Relaxation of Thermoremanent Magnetization in Different Magnetic Phases Of Fe-rich $\mbox{$\gamma$}$-FeNiCr Alloys

TL;DR

This study investigates the decay of thermoremanent magnetization in Fe-Ni-Cr alloys across different magnetic phases, revealing distinct aging behaviors and confirming theoretical models through experimental measurements.

Contribution

It provides a comprehensive analysis of TRM relaxation in various magnetic phases of Fe-rich alloys, highlighting phase-specific decay behaviors and validating models like Gabay-Toulouse.

Findings

Spin-glass phase shows aging effects with a specific decay form.

Reentrant spin-glass phase fits stretched exponential decay with a constant term.

Ferromagnetic phase exhibits power law decay of TRM.

Abstract

The time decay of the thermoremanent magnetization(TRM) of the $\mbox{Fe}_{80-\mbox{x}}\mbox{Ni}_{\mbox{x}}\mbox{Cr}_{20}$ ($14\leq \mbox{x} \leq 30$) alloys has been measured for four different magnetic phases within the fcc $\mbox{$\gamma$}$-phase using a SQUID magnetometer.

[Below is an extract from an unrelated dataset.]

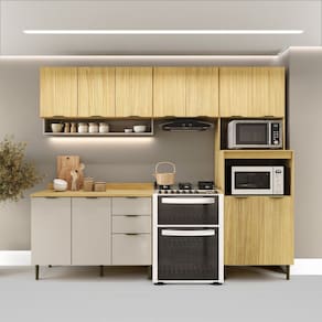 Solução completa para sua cozinha, unindo praticidade e sofisticação! Acabamento da Prateleira: Pintura Escala de Brilho da Prateleira: Fosco Acabamento da Gaveta: Pintura Escala de Brilho da Gaveta: Fosco Material do Puxador da Gaveta: ABS Acabamento da Porta: Pintura Escala de Brilho da Porta: Fosco Material do Puxador da Porta: ABS Acabamento dos Pés: Polipropileno Acompanha Rodapé Decorativo: Não Acompanha Tampo: Sim Altura dos Pés: 17 cm Altura Máxima dos Pés: 17.0000 Ambiente Principal: Cozinha Balcão Suporta Pia: Não codigo_ean: 7900288107756 Complexidade da Montagem: Média: pode ser montado por mais de uma pessoa e/ou necessite de maior conhecimento para montagem Cor: Louro Freijó/Cinza Cor do Produto: Louro Freijó/Cinza Cor Interna: Louro Freijó Escala de Brilho: Fosco Espessura do Material da Estrutura: 12 mm Espessura do Tampo: 25 mm Gaveta com Chave: Não Itens Inclusos: 1 Torre-quente, 1 Balcão, 2 Armário, 1 Tampo, Kit Acessório e Manual de Montagem Linha ou Coleção: Ibiza Manual de Montagem e Instalação: https://product-hub-prd.madeiramadeira.com.br/983857/documents/b45dfacb-313f-4888-ae18-617742d8363c2778686289517435906928891.pdf Marca: Casamia Material da Dobradiça/Corrediça da Porta: Metálica Material da Gaveta: MDF Material da Porta: MDF Material da Prateleira: MDF Material do Fundo: HDF Material do Tampo: MDF Material dos Pés: Polipropileno Medida de cada item (A x L x P): Torre-Quente: 220cm x 70cm x 52cm; Armário: 71cm x 120cm x 27cm; Balcão: 85cm x 120cm x 52cm; Armário: 54cm x 70cm x 27cm; Tampo: 2,5cm x 120cm x 52cm modular: Sim Necessita Montagem: Sim O Balcão Acompanha Pia: Não Origem do Produto: Nacional Pés Reguláveis: Sim Peso: 111,3 kg Peso Máximo por Gaveta: 15 kg Peso Máximo por Prateleira: 15 kg Possui Pés: 13 Possui Portas: Sim Possui Prateleiras: Sim Possui recorte para Cooktop: Não Possui Rodízio: Não Possui Vidro: Não Produto Montado: Sim Recomendações de Uso, Manutenção e Limpeza: Pano limpo e macio, isento de impurezas, seco ou levemente umedecido com água e sabão neutro, bem torcido até que não saia gotas de água. Não devem ser utilizados abrasivos como palha de aço e objetos cortantes. Para remoção de manchas, utilizar pano levemente umedecido com solução de álcool e água em partes iguais. Fonte: Associação Brasileira da Indústria de Painéis de Madeira - ABIPA Sapatas Niveladoras: Sim Sistema de Montagem: Parafusos e cavilhas Suporta Até (kg): 15 kg Tipo de Corrediça da Gaveta: Metálica Telescópica Tipo de Dobradiça da Porta: Simples Tipo de Puxador da Gaveta: Externo Tipo de Puxador da Porta: Externo

In the spin-glass phase(SG)(X=19) very distinct ageing effects are observed where M(t) can be described as $M(t)=M_0(t/t_{w})^{-\gamma}\exp[-(t/\tau)^{1-n}]$ for the entire time domain. In the reentrant spin-glass(RSG)(X= 23 and 26), M(t) can be better represented by the stretched exponential with an addition of a constant term which can be well explained by the Gabay-Toulouse(GT) model. We have also measured the linear and non-linear ac susceptibilities for the sample X=23 and confirmed the presence of the ferromagnetic(FM) ordering down to the lowest temperature. In the RSG(X=23), the TRM shows a minimum near T$_{\mbox{c}}$ and a local maximum just above T$_{\mbox{c}}$. In the FM phase (X=30) the popular prediction of the power law decay of the TRM is observed. The latter is indistinguishable from the stretched exponential in the antiferromagnetic(AF) phase (X=14).